Parallelism structure for SobelEdgeDetector.cpp

In the second example of "omp parallel for" taken from "SobelEdgeDetector.cpp", similar filtering operations take place, with the edge detector working with grayscale pictures.

Memory Management

In software development, developers must be careful about memory management to avoid serious impacts on application performance. In the case of the Harris corner detector and the Shi-Tomasi corner detector, memory management is crucial to creating three matrices and storing the results of Sx, Sy and Sxy.

// Creating a temporary memory to keep the Grayscale picture
	BYTE* tmpBGR = new BYTE[stride*height * 4];
	if (tmpBGR) {
		// Creating the 3 matrices to store the Sobel results, for each thread
		int max_threads = omp_get_max_threads();
		double *** Ix = new double**[max_threads];
		double *** Iy = new double**[max_threads];
		double *** Ixy = new double**[max_threads];
		for (int i = 0; i < max_threads; i++) {
			Ix[i] = new double*[size_kernel];
			Iy[i] = new double*[size_kernel];
			Ixy[i] = new double*[size_kernel];
			for (int j = 0;j < size_kernel;j++) {
				Ix[i][j] = new double[size_kernel];
				Iy[i][j] = new double[size_kernel];
				Ixy[i][j] = new double[size_kernel];

Setting up temporary memory for the Shi-Tomasi corner detector filter

Allocating such matrices for every pixel of the source would require considerable memory, and multithreading probably wouldn't be beneficial when applied. In fact, it could even result in slower calculations, due to the overhead of working with a large memory space.

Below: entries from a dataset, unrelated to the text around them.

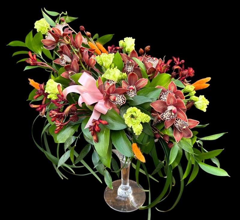 This stunning arrangement really is a show stopper (pictures don't do it justice). A large martini glass filled with sparkling gems is overflowing with mocha coloured orchids, tropical accents and various greenery. Once the flowers are finished the recipient has a large display glass to reuse in the future.
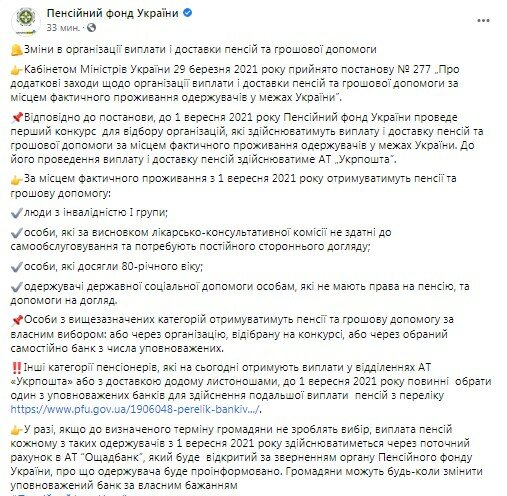В соответствие с постановлением, до 1 сентября 2021 Пенсионный фонд Украины проведет первый конкурс для отбора организаций, осуществляющих выплату и доставку пенсий и денежной помощи по месту фактического проживания получателей в пределах Украины. В его проведения выплату и доставку пенсий будет осуществлять АО "Укрпочта".
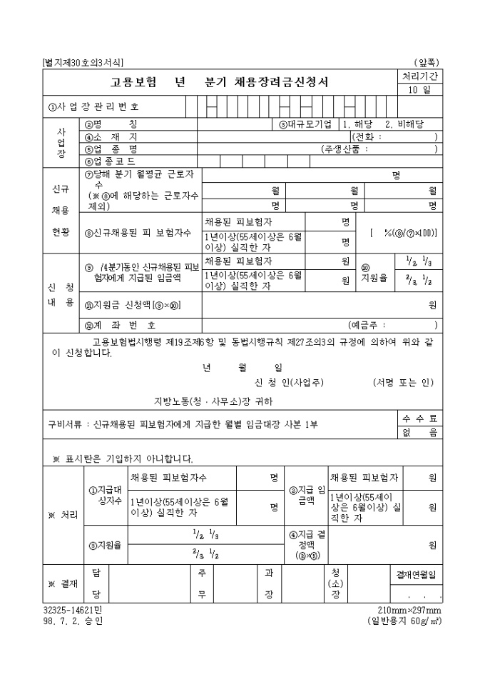 고용보험법시행령 제19조제6항 및 동법시행규칙 제27조의3의 규정에 의하여 고용보험 년 분기 채용장려금 신청을 하고자 할 때 사용되는 "고용보험 년 분기 채용 장려금 신청서" 양식입니다.
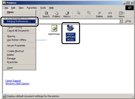 For Windows 2000: From the [Start] menu, select [Settings] -> [Printers].
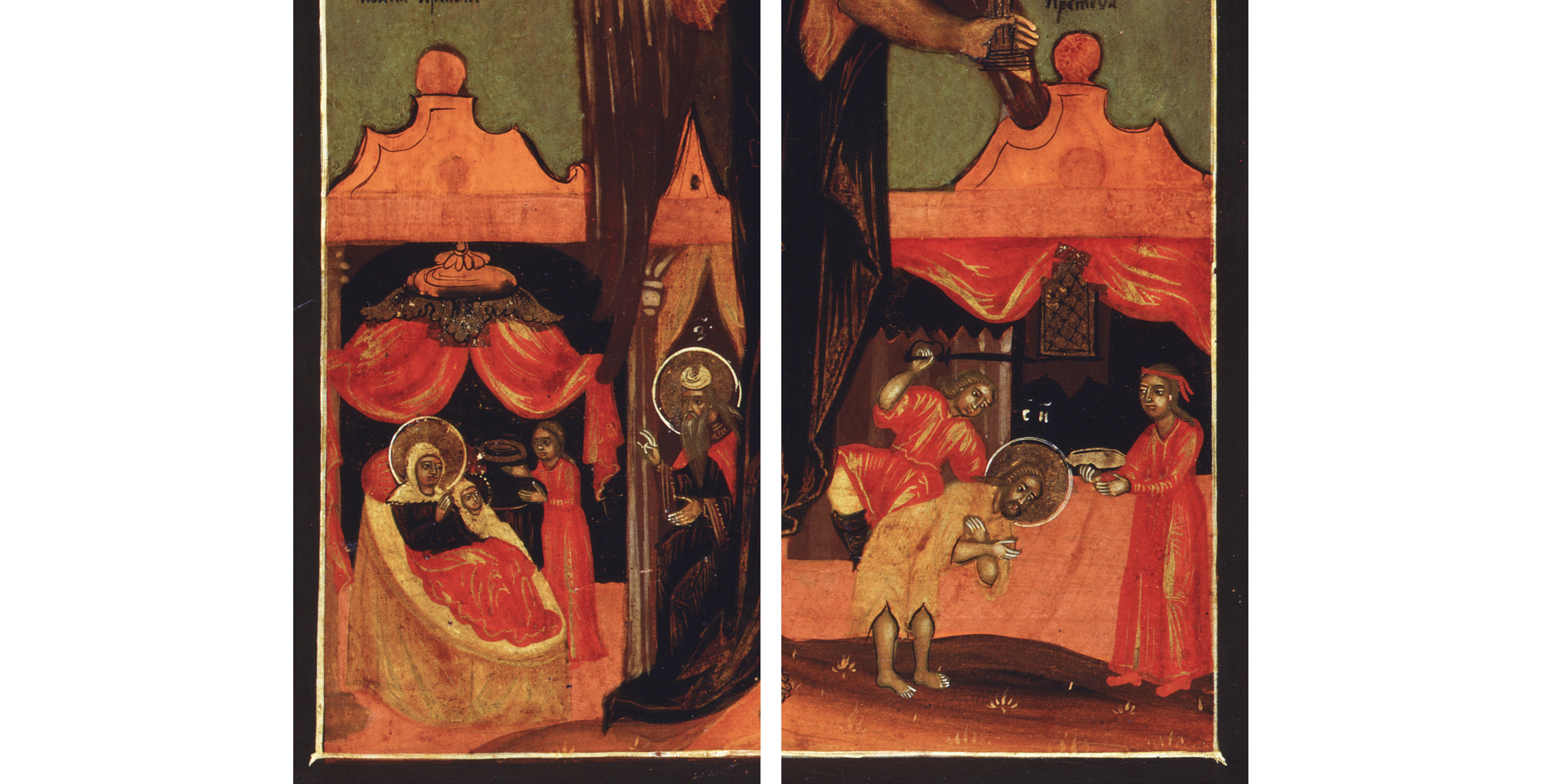 The saint himself is surrounded by scenes from his life, from his prodigious conception by his elderly parents, Elizabeth and Zechariah, to a period spent praying, preaching and baptising people in the desert, up to his final moments spent imprisoned before his beheading at the hands of Herod, Salome and her mother, Herodias. John’s story ends with the descent of the risen Christ to the underworld (Harrowing of Hell) to free the righteous, among whom is John. This is the only episode that is not inspired by the gospels, but it was nevertheless very popular in the iconographic traditions of the Christian East and was based on the predictions of the prophet David, as mentioned in the Acts of the Apostles (2:29-32).
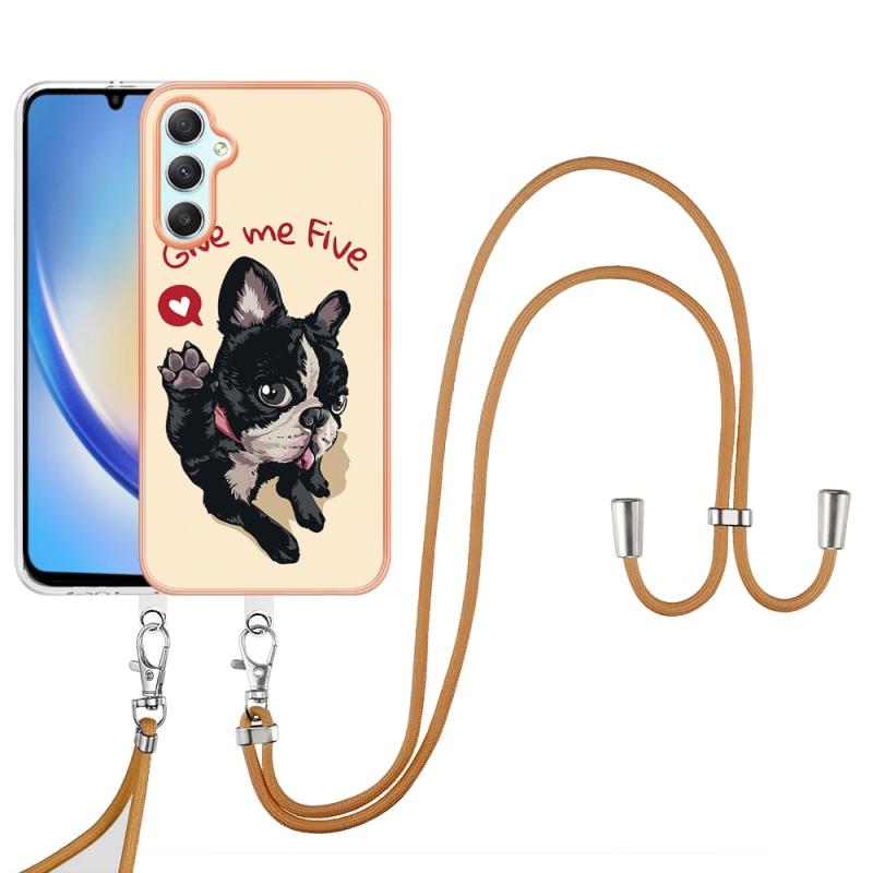 For Samsung Galaxy A25 5G / A24 Electroplating Dual-side IMD Phone Case with Lanyard(Lucky Dog)
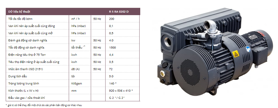 RA 0202 D dùng 05 lít dầu VM100 hoặc dầu chuyên cho bơm chân không có độ nhớt 100 như Plus530 ( PrecisionPlus - USA )
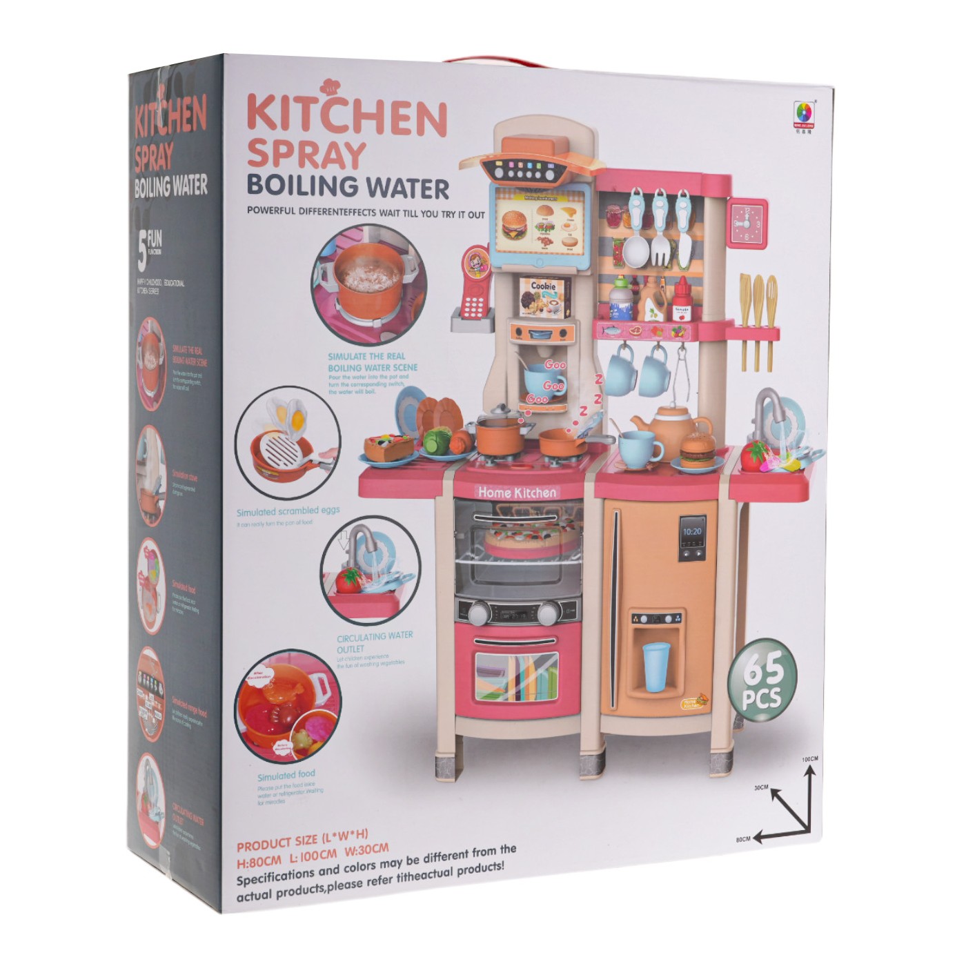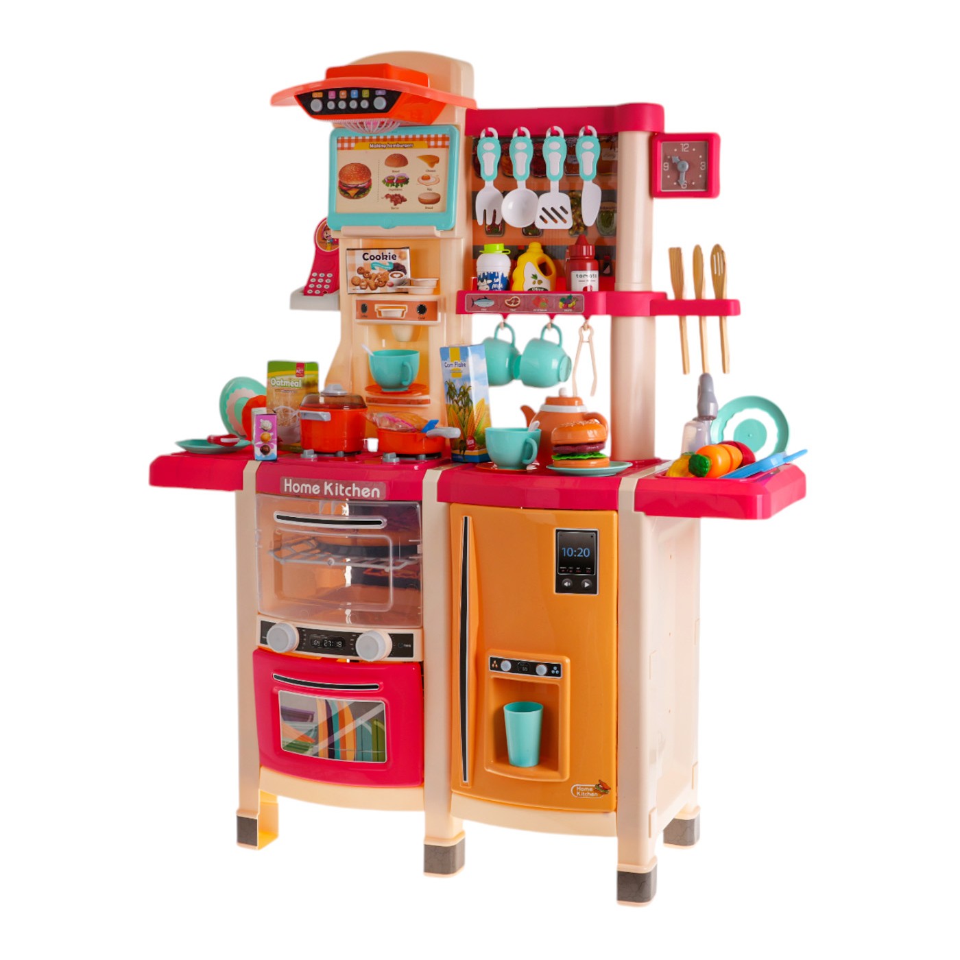 - vhodné pre deti od 3 rokov, - vyrobené z najkvalitnejšieho plastu v živých farbách, - bohato vybavená, sada sa skladá až zo 65 prvkov, - pohyblivé gombíky, - horáky s podsvietením, - zvuky vyprážania a varenia, - kohútik s tečúcou vodou, - otváracia chladnička s falošným dávkovačom vody, - otváranie rúry zvukom a svetlom, - otváracia umývačka riadu, - vstavaný kávovar, - panel s ventilátorom, svetlami a zvukmi, - telefón so zvukmi (zvončeky, zvuky zvierat, pieseň) a osvetlenou anténou, - rám na kartičky s receptami, - hodiny s pohyblivými ručičkami, - tlakový hrniec na batérie, ktorý vytvára bublinky vo vode a zvuky varenia, - 3 produkty (ryba, rak, kus mäsa) po vložení do tlakového hrnca zmenia farbu. |
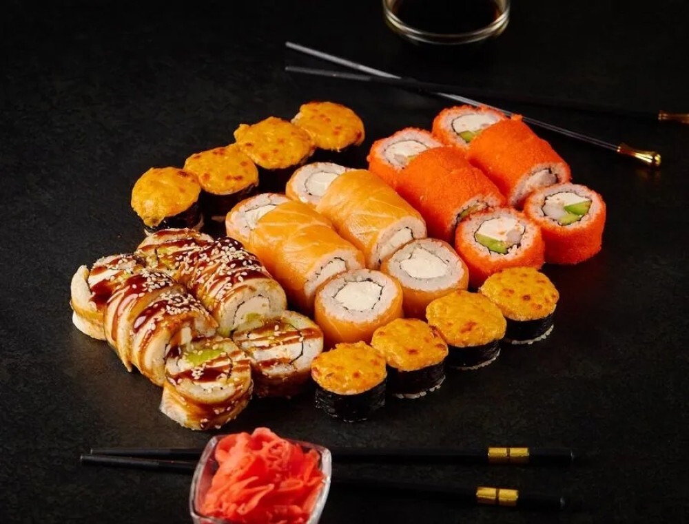 Филадельфия с огурцом (8 шт.), Лава с лососем (8 шт.), Бекончик (8 шт.), Чизи запеченный (8 шт.)
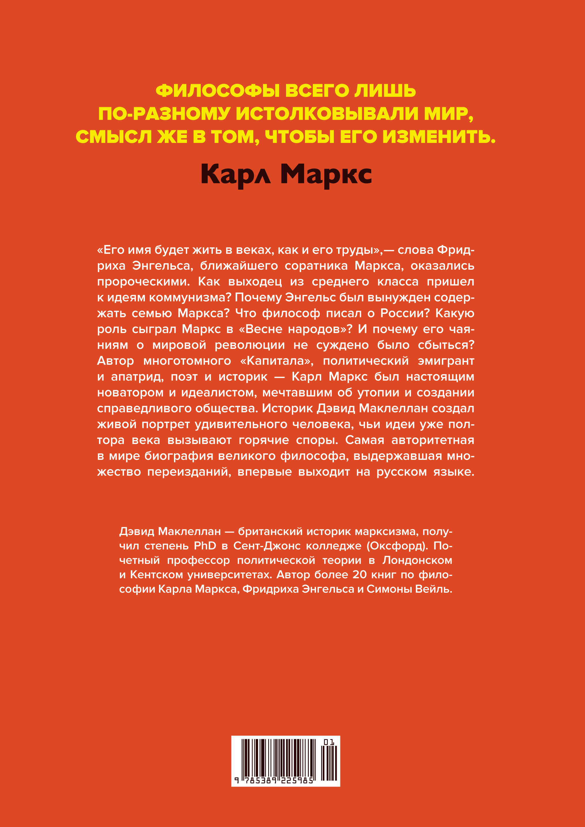 Имя Карла Маркса с детства знакомо каждому человеку в нашей стране. Его идеи легли в основу Советского государства — марксизм-ленинизм стал официальной идеологией страны. Однако сам Карл Маркс был скромным человеком и не жаждал популярности. "Манифест коммунистической партии" и "Капитал" навсегда изменили историю политической мысли, при этом философ вместе с семьей много лет провел в нищете и умер в безвестности. Ведущий исследователь жизни и идей Маркса, профессор Дэвид Маклеллан создал наиболее полную биографию, которая знакомит нас с трагической судьбой этого великого человека — мыслителя, изгнанника, любящего мужа и верного друга. Его многогранная философия рассказана в этом международном бестселлере столь увлекательно, что не остается сомнений: Карл Маркс по праву считается человеком, изменившим мир.

In order to avoid memory issues and set up a scenario where multithreading makes the calculations faster, these three matrices can be considered as a set of matrices, with each available thread containing its own set of matrices. The application can then be set up to allocate, outside of the parallel section, as many sets of matrices as there are available threads for this application. To get the maximum number of threads the following function is used: "omp_get_max_threads()" from the "omp.h" file. This file is found with the rest of the header files in the ImageProcessing > External Dependencies directory.

As described at the Oracle* support site, this function should not be confused with the similarly named "omp_get_num_threads()".The "max" call returns the maximum number of threads that can be put to use in a parallel region. The "num" call returns the number of threads that are currently active and performing work. Obviously, those are different numbers. In a serial region "omp_get_num_threads" returns 1; in a parallel region it returns the number of threads that are being used.

The call "omp_set_num_threads" sets the maximum number of threads that can be used (equivalent to setting the OMP_NUM_THREADS environment variable).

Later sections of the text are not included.